- _TASK PROMPT_
Using the records that follow, reproduce exactly the lines starting at the line containing "Старшему сыну взяла" and ending at the line containing "hozzá a templomhoz.". Include both end lines and no pictures.

- _INPUT DATA_
******

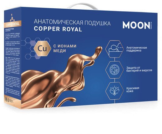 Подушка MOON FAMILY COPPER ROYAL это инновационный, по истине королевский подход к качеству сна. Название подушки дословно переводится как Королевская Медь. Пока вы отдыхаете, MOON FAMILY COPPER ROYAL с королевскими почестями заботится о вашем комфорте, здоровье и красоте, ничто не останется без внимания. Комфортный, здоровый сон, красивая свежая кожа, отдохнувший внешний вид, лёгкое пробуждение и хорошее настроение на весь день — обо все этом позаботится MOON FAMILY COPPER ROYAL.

******

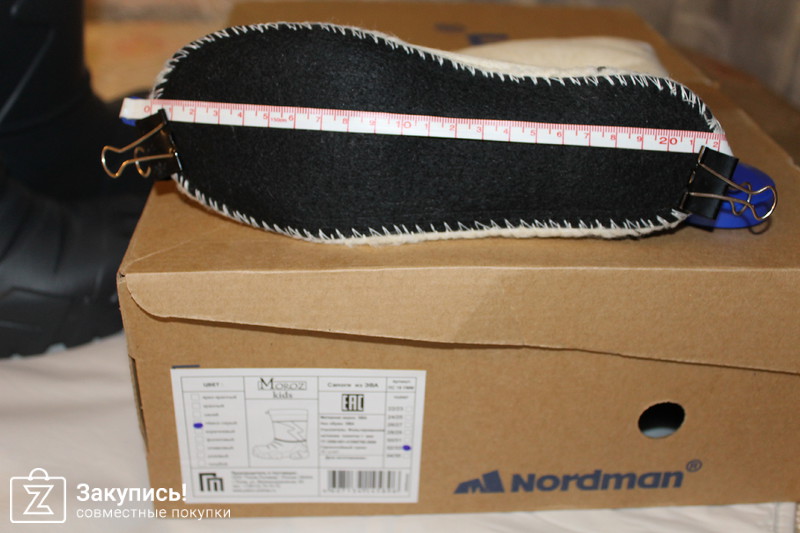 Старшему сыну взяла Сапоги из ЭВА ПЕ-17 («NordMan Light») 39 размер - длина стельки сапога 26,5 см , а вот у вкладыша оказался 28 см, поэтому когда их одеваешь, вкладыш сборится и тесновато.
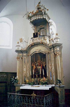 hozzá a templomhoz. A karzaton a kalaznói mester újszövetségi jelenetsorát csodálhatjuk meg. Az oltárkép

******

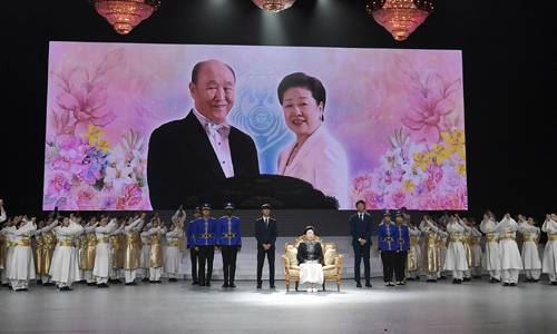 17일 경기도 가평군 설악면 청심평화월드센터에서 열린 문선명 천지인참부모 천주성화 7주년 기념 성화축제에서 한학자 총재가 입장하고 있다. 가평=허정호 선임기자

******

- _THE COMPLETED TASK_
 Старшему сыну взяла Сапоги из ЭВА ПЕ-17 («NordMan Light») 39 размер - длина стельки сапога 26,5 см , а вот у вкладыша оказался 28 см, поэтому когда их одеваешь, вкладыш сборится и тесновато.
 hozzá a templomhoz. A karzaton a kalaznói mester újszövetségi jelenetsorát csodálhatjuk meg. Az oltárkép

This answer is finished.